Teach automation management explicitly. New engineers shouldn’t just learn how to prompt. They should learn where agents excel, where they fail, and what the failure modes actually look like. The signal that an agent is bullshitting you is a learnable skill, and right now we’re mostly learning it by accident.

Manual flying days. One day a week, or even one day a month, where you write code without an agent. Not as performative Luddism, but as a deliberate gym session for the skills that go soft when you don’t use them. Pilots don’t hand-fly because they distrust autopilots. They hand-fly because they know the day will come when they have to.

Hard cases on hard mode. When something is genuinely tricky (a subtle concurrency bug, a weird performance regression, a piece of business logic with a lot of state) close the agent and reason through it yourself first. Even if you eventually hand it off. The thinking is the workout.

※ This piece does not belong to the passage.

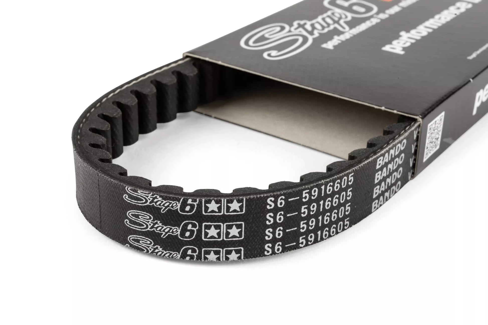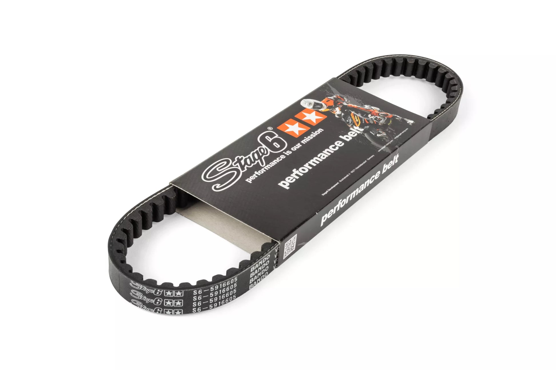 Stage6 Pro Belt är en förstärkt V-rem för Minarelli lång motor (t.ex. Yamaha Aerox, MBK Nitro), tillverkad av Bando i Japan – en av världens ledande tillverkare av drivremmar. Den är framtagen för att leverera maximal kraftöverföring mellan variator och koppling samtidigt som den erbjuder lång livslängd och optimal grepp.

A simulator for engineers. This is the one I haven’t seen anyone build, and I think there’s a real gap. Pilots have flight simulators where they can practice engine failures, instrument failures, every kind of off-nominal scenario. We have LeetCode and toy puzzles. What we don’t have is a realistic environment for practicing the actual skill that’s atrophying. Debugging unfamiliar production-like code, reasoning about state in a real system, recovering from a nasty incident without help. Someone should build that. (Hit me up if you already are. I would be very eager to try this.)

The Boring Conclusion

I’m not anti-AI. I’m writing this in an editor with an agent open in the next pane. The tools are real, the gains are real, and the people telling you to throw them out are wrong.

But the gains aren’t free. Aviation got a thirty-year head start on figuring this out, paid for it in lives, and eventually arrived at a stable answer: the automation stays, the humans stay sharp, and the training adapts to the new reality. We’re somewhere in the messy middle of that same arc, except our crashes are silent, distributed across a thousand subtly broken systems, and won’t show up on the news most of the time.

The senior engineers we’ll need in five years are the ones who stay sharp now. Don’t let the autopilot fly the whole flight.